“La memoria è radice di una comunità. Fare memoria è condizione affinché la libertà conquistata continui a essere trasmessa e vissuta come un bene indivisibile. Non dimenticheremo mai le vittime innocenti, i servitori dello Stato, le persone libere che non hanno rinunciato ai loro valori pur sapendo di mettere a rischio la propria vita”. Sono le parole del presidente della Repubblica, Sergio Mattarella. La memoria è un dovere civico che deve essere sviluppato per conservare, tutelare e diffondere la conoscenza delle vicende e dei valori che la Resistenza, con la lotta e con l’impegno civile e democratico, ha consegnato alle nuove generazioni.
Viviamo un momento storico nel quale è indispensabile difendere con fermezza e coerenza i valori dell’antifascismo.Da 15 anni porto avanti nelle scuole il premio intitolato al maresciallo Ciro Siciliano. Si tratta di un premio che ha coinvolto, ad oggi, circa due mila giovani. Non tutti i semi gettati saranno attecchiti ma tanti, ne sono certa,hanno messo radici e questa è la mia gratificazione più grande. Continuo, anche attraverso questa rubrica, a portare il ricordo di pezzi di storia, pezzi di memoria,raccogliendo ancora testimonianze e diffondendo documenti pervalorizzare e far conoscere le esperienze di chi ha vissuto la guerra di liberazione.

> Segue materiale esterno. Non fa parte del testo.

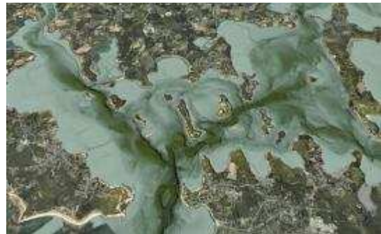
Litto3D® - Golfe du Morbihan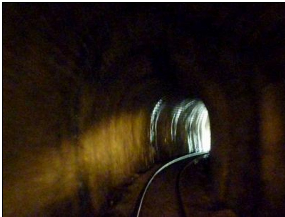
Dans la galerie

Si cette fiche comporte des erreurs ou des oublis, merci de nous le signaler.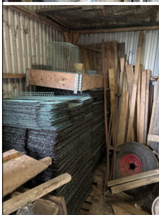
Reddekasser Hvalpenet Placeret i/ved BBR bygning 123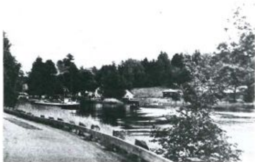
Vy över Stöckna med prinsessan Viola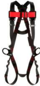
Arnes Protecta 3 Argollas 3M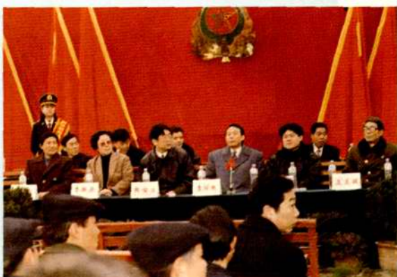
衡阳市市长贺同新(前排右2) 副书记陈安众(前排左3) 市人大副主任王美斌(前排右1) 副市长李湘源(前排左2) 湖南省邮电管理局副局长李国栋(前排右3) 等参加衡阳市长途通信传输大楼奠基典礼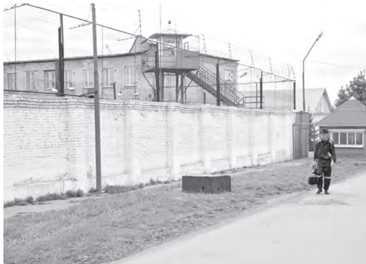
■ По закону, все работающие осужденные имеют право на ежегодный 18-дневный отпуск. И в ряде кузбасских исправительных учреждений есть профилактории для их проведения.

Вообще говоря, в соответствии с Уголовно-исполнительным кодексом РФ все работающие осужденные имеют право на ежегодный 18-дневный отпуск. Другое дело, что по тем или иным причинам провести его за пределами исправительного учреждения могут далеко не все. Поэтому в ряде исправительных учреждений имеются профилактории для проведения отпусков. Они созданы, например, в ИК-5 (Кемерово), ИК-22 (Кемерово), ИК-35 (Ма-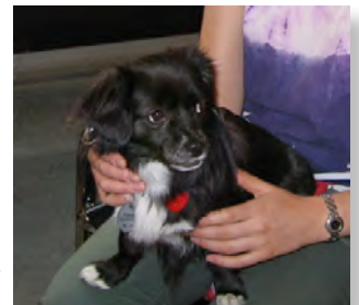
Mali bien installée

Un coup de fil à l'organisme Zoothérapie Québec mettra en œuvre le processus d'évaluation des besoins car le spectre des bénéfices de cette thérapie est large. Ils font l'évaluation pointue des lieux, des personnes et des besoins afin de jumeler les thérapeutes et les chiens les mieux adaptés à chaque situation. La brigade est constituée d'une trentaine de chiens issus d'éleveurs ou de familles et sont triés sur le volet selon certaines qualités essentielles: bon tempérament, stabilité émotionnelle, adaptables. La sécurité des interventions requiert cette sélection rigoureuse.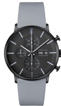
FORM A Chronoscope 27/4371.00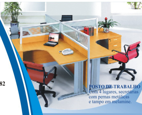
POSTO DE TRABALHO Com 4 lugares, secretárias com pernas metálicas e tampo em melamine.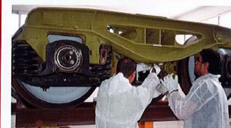
↑ [4] Formation matériel roulant.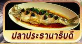
ปลาประจานารับดี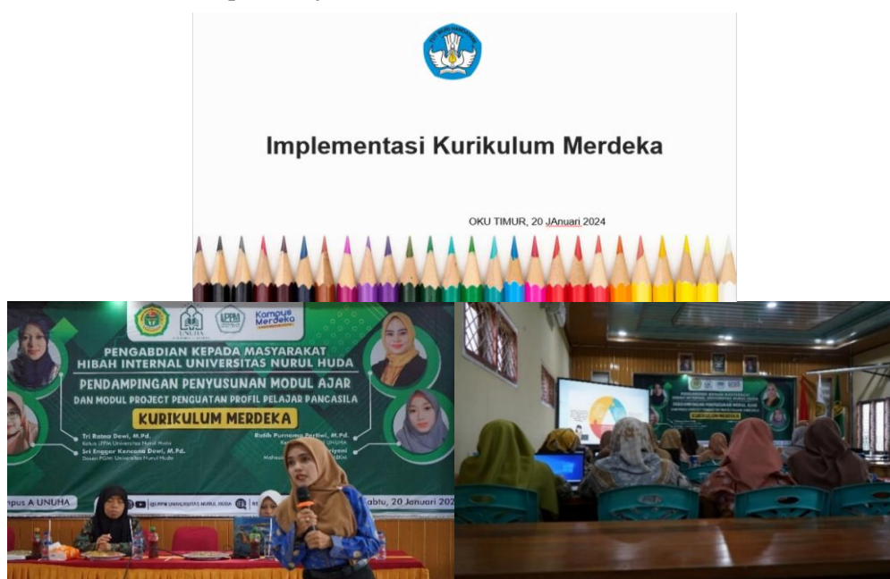
Gambar 2 Dokumentasi Pelaksanaan Seminar

Seminar IKM dilakukan pada hari Sabtu, 20 Januari 2024, dalam pelaksanaan tersebut di ikuti oleh 25 guru yang ada di MI Nurul Huda, TIM Pengabdian dalam hal ini mendatangkan pemateri yang memang memiliki kapasitas dan keahlian dalam IKM beliau adalah Ibu Lili Suharningsih, S.T. beliau seorang guru penggerak dan narasumber di berbagai kegiatan terkait Kurikulum Merdeka dan pembelajaran.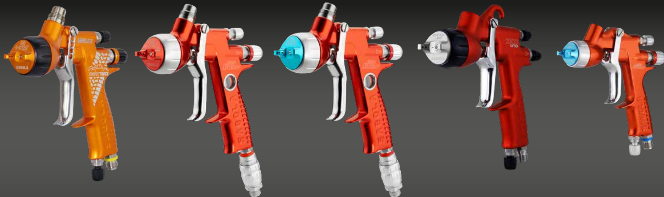
4600 TROPHY TRUCK LIMITED EDITION TITANIA PRO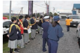
交通安全街頭活動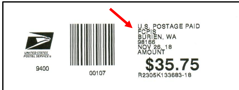
Afbeelding 14: FCPIS

Op een strook van 26 november 2018 trof ik iets nieuws aan. Onder US POSTAGE staat er niet meer PAID ( afbeelding 14 ).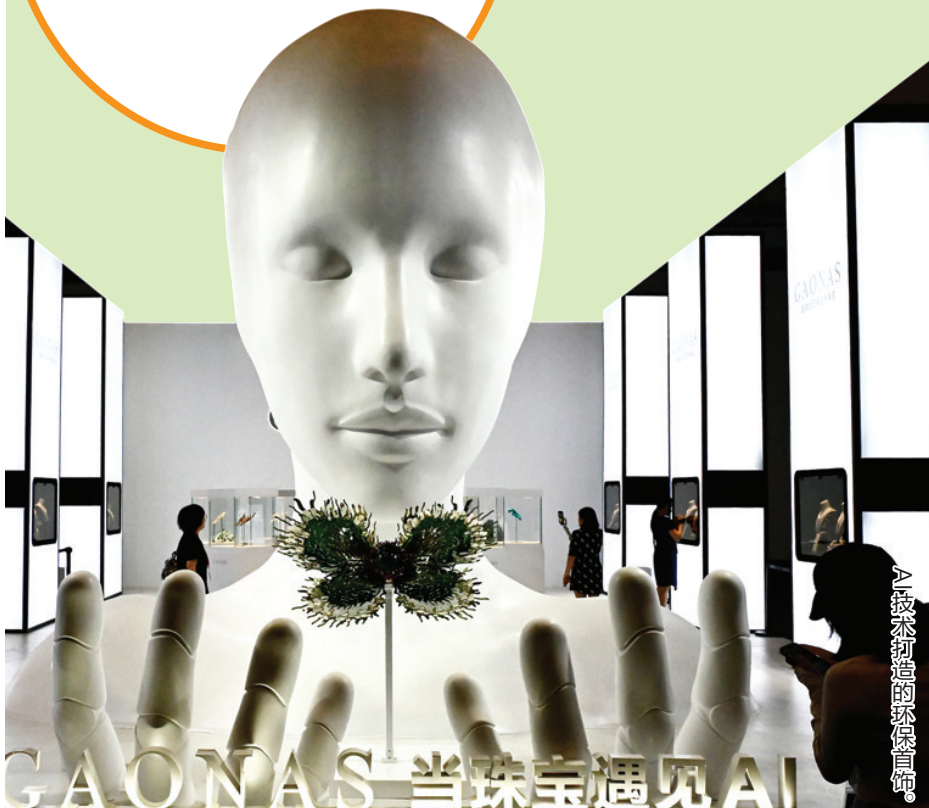
AI技术打造的环保首饰。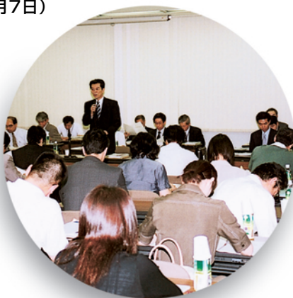
●高等学校と富山大学との入学試験に関する懇談会（7月25日）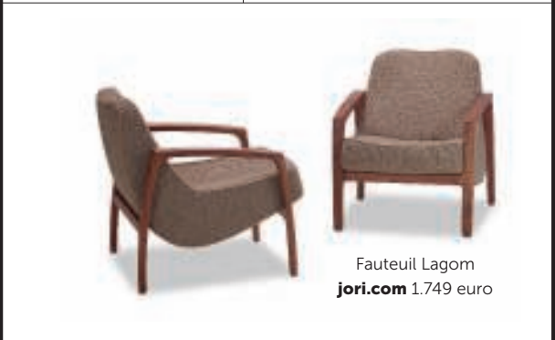
Fauteuil Lagom jori.com 1.749 euro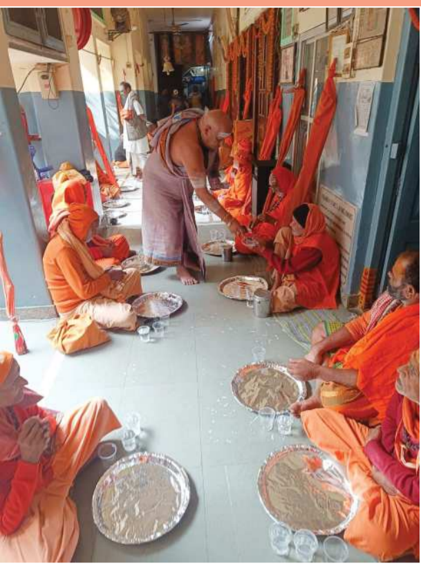
(షణ్ముఖ వెలుగు, ఒంగోలు, డిసెంబర్ 2) భూ కైలాసం వారణాసిలో యతి, నారాయణ సేవలు అత్యంత వైభవోపేతంగా జరిగాయి.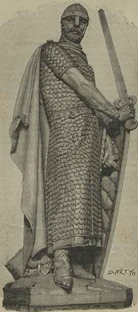
ESTATUA DE D. AFFONSO HENRIQUES — ESCULTURA DE SOARES DOS REIS

Levantei-me cedo, almocei, e fui á igreja levar o meu voto.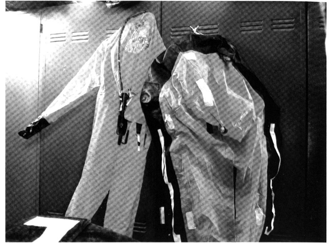
Tenue imperméable et auto-gonflable pour la sortie d'urgence des sous-marinières. N.B. Contrairement à cette tenue standard pour les sous-marinières, celle en dotation aux hommes du SPAG a été créée exprès et sur mesure par la société 100% italienne DiveSystem.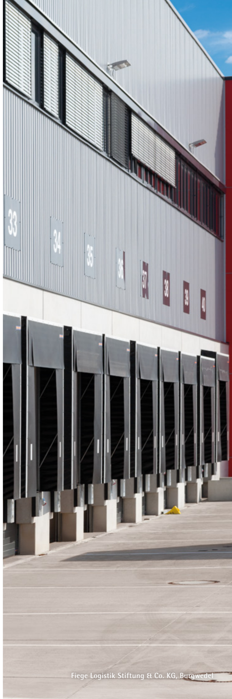
Fiege Logistik Stiftung & Co. KG, Burgwedel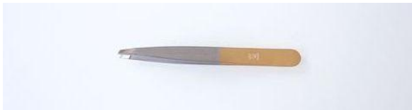
481-4R ステン ツイザー 4" (斜) 終了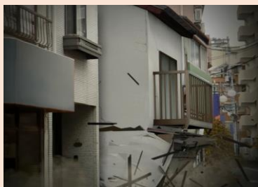
強い揺れによる 建物崩壊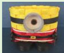
②ミニオン サンタバージョン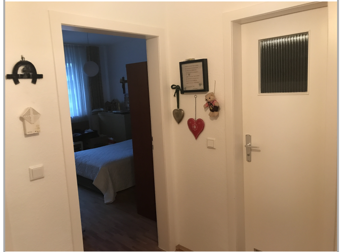
69440.74.1.4 - Diele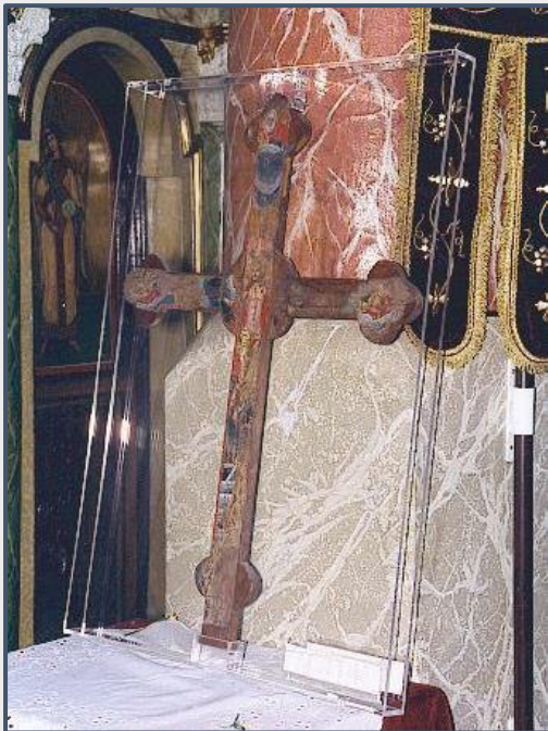
Εικόνα 7: Ο Σταυρός στον οποίο ο Διάκος όρκισε τους Αγωνιστές του.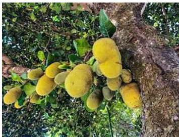
(F) Artocarpus heterophyllus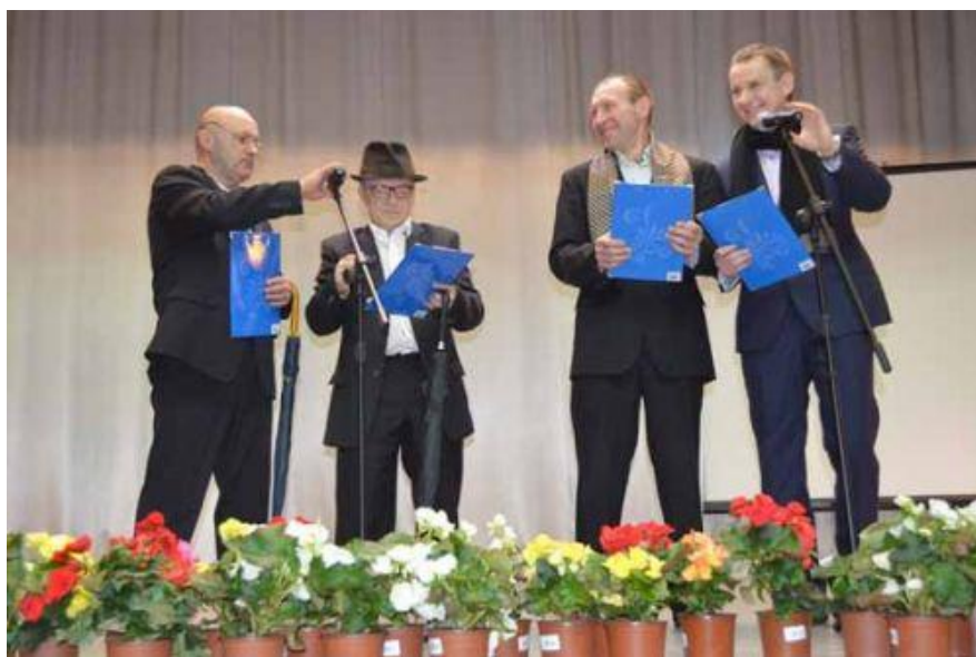
Джентельмены кафедры физической культуры и безопасности жизнедеятельности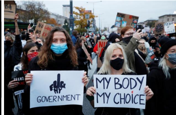
Protestnici na Poljskem.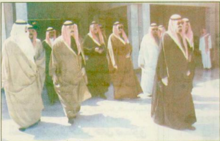
لقطات من مغادرة سمو ولي العهد الرياض الى حفر الباطن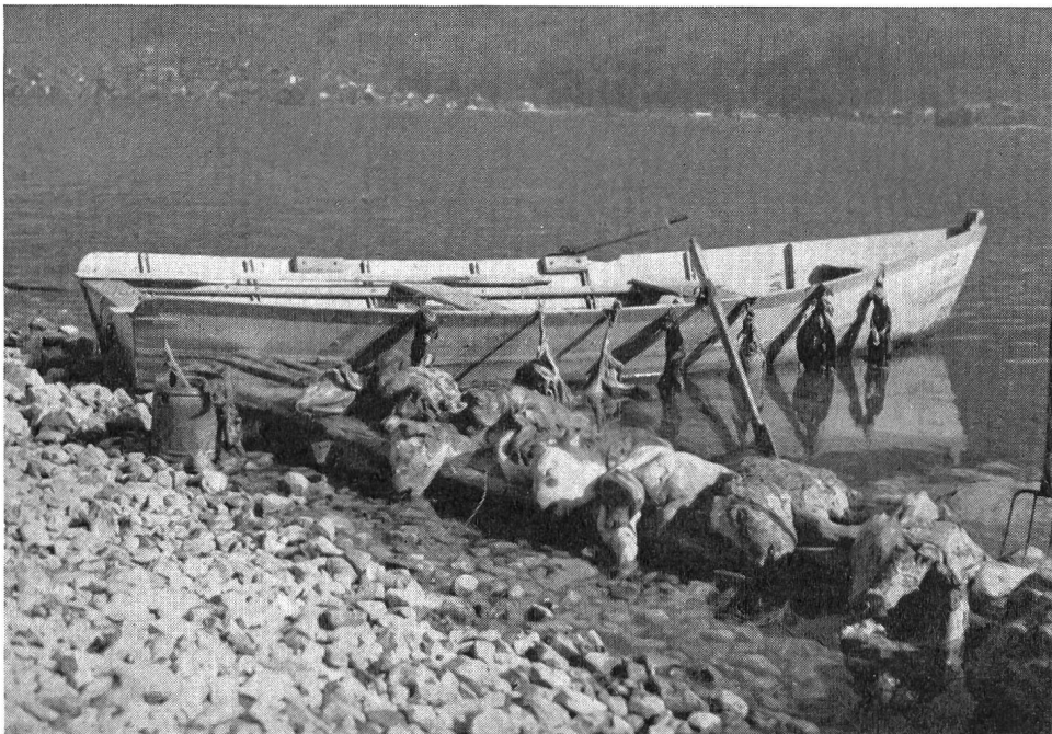
Abb. 1 Brienzersee, Beute einer Kontrollfahrt des Wasenmeisters von Brienz: 5 Kälber, 2 Schafe, 2 Katzen, 2 Füchse, 1 Reh, 1 Kaninchen, 3 Hühner

Die Abwasser der Gemeinden am untern Ende des Sees, linksufrig von der Kandermündung und rechtsufrig von Oberhofen an, sollen nicht mehr in den See geleitet werden, sondern mit Sammelleitungen der Gemeinschaftskläranlage der Region Thun zugeleitet werden. In dieser Reinigungsanlage sollen die Abwasser von Oberhofen, Hilterfingen, einem Teil von Spiez, Thun, Steffisburg, Heimberg, Thierachern und Uetendorf zusammengefaßt werden. (Abb. 2)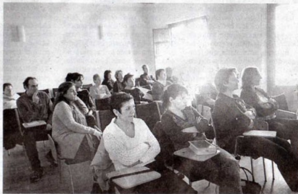
La UPL celebró debates, cuentacuentos y proyectó varias cintas.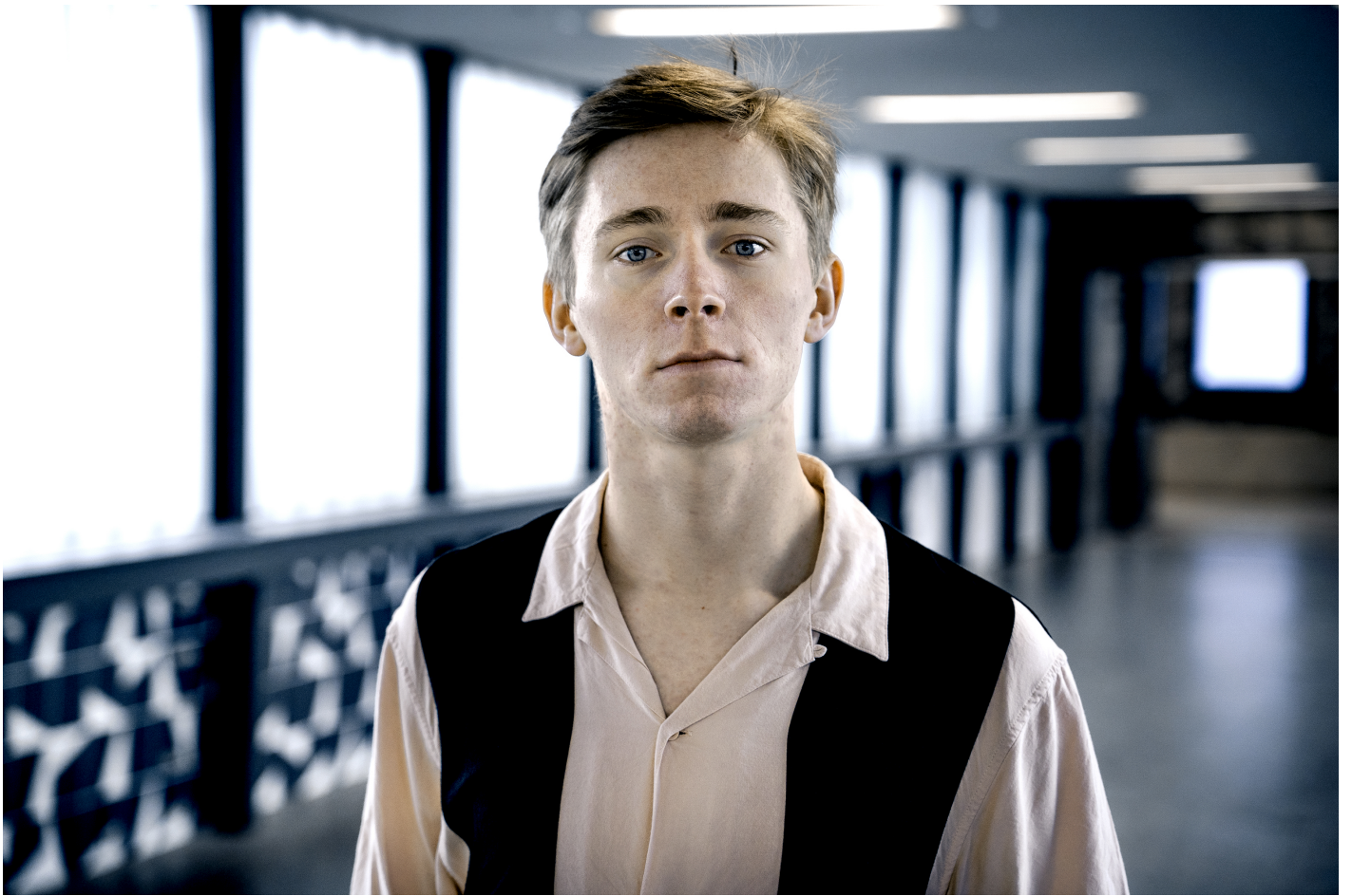
Cornelius Kiene - Foto 2 © Christian Hartmann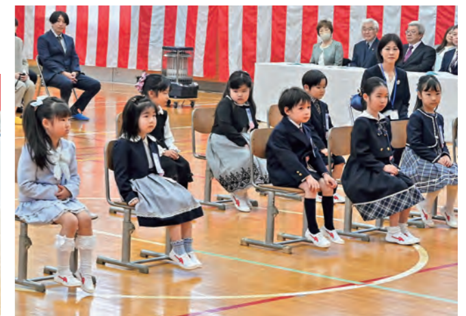
▲校長先生の話に耳を傾けます(西山小・7日)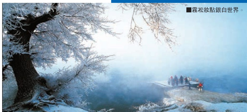
■霧凇妝點銀白世界。

以「中韓旅遊年」活動為重要契機，承辦中國旅遊年開幕式的部分文藝演出，組織開展「旅遊吉林—大篷車宣傳推廣周」活動，協助長白山管委會舉辦中韓青年「相約到白頭」百人集體婚禮、「韓國人看吉林」攝影作品評選和「印象吉林」采風踏線等活動。鼓勵旅遊企業在中韓兩國互設旅行社；爭取開通長白山煙臺—首爾航線。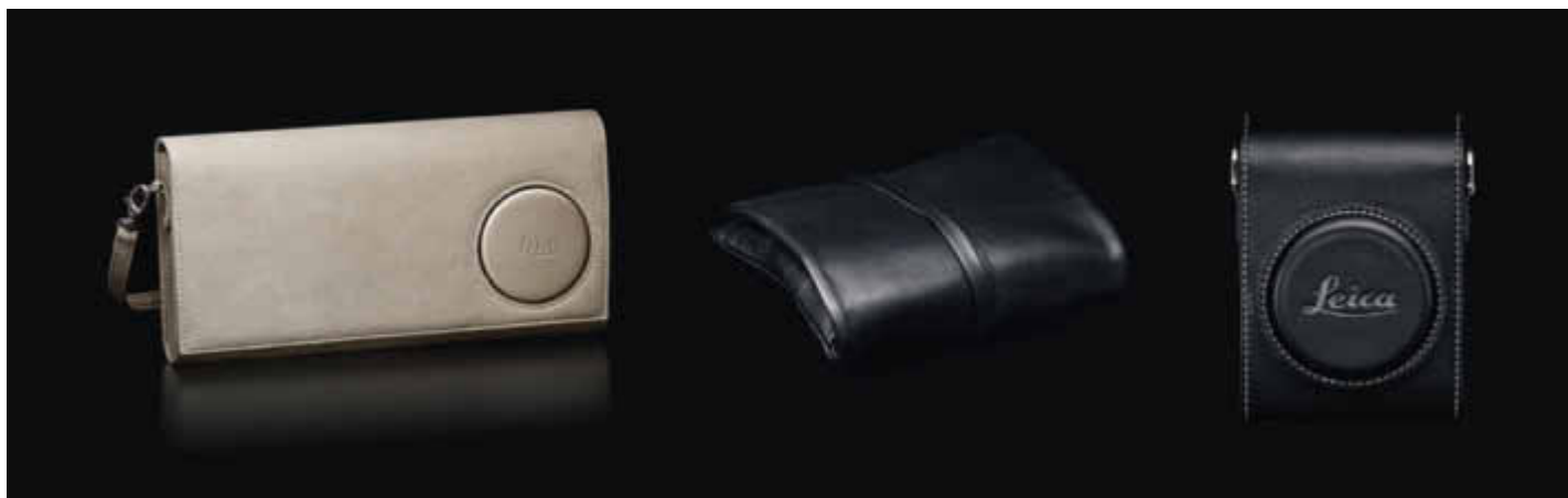
LEICA C Clutch: light gold oder dark red Prix de vente recommandé: CHF 145.–

Oggi dedico la rubrica “Per non dimenticare” a un giovane valoroso, medaglia d’oro alla memoria: Andrea Marchini, ucciso dai tedeschi il 15 dicembre 1944, al Passo del Pitone, sul Monte Carchio che divide la provincia di Massa-Carrara da quella di Lucca. Marchini aveva appena 22 anni quando morì sulla linea gotica che passava in terra apuana. Era un ex carabiniere e un caposquadra partigiano. La motivazione della medaglia d’oro alla memoria recita: “Carabiniere audace e valoroso, acclamato caposquadra dei suoi partigiani che lo vollero come comandante, di ritorno in pattuglia da un’ardita missione compiuta da un reparto tedesco. Benché in condizioni di inferiorità numerica e benché ogni libertà di movimento fosse intralciata da un campo minato, accettava l’impari lotta e con indomito valore sosteneva l’urto nemico. Mutilato a un piede, asportato dallo scoppio di una mina, vincendo lo strazio della carne ridotta a brandelli, con intenso fuoco del suo mitragliatore fronteggiava per due ore l’avversario incitando con l’esempio e con la parola i suoi uomini a resistere fino all’estremo per non abbandonare i compagni feriti. Colpito a morte cadeva da eroe con la fronte rivolta al nemico, confermando e perpetuando con l’offerta della sua vita le nobili tradizioni dell’arma dei carabinieri che ha per credo abnegazione, dovere e sacrificio”.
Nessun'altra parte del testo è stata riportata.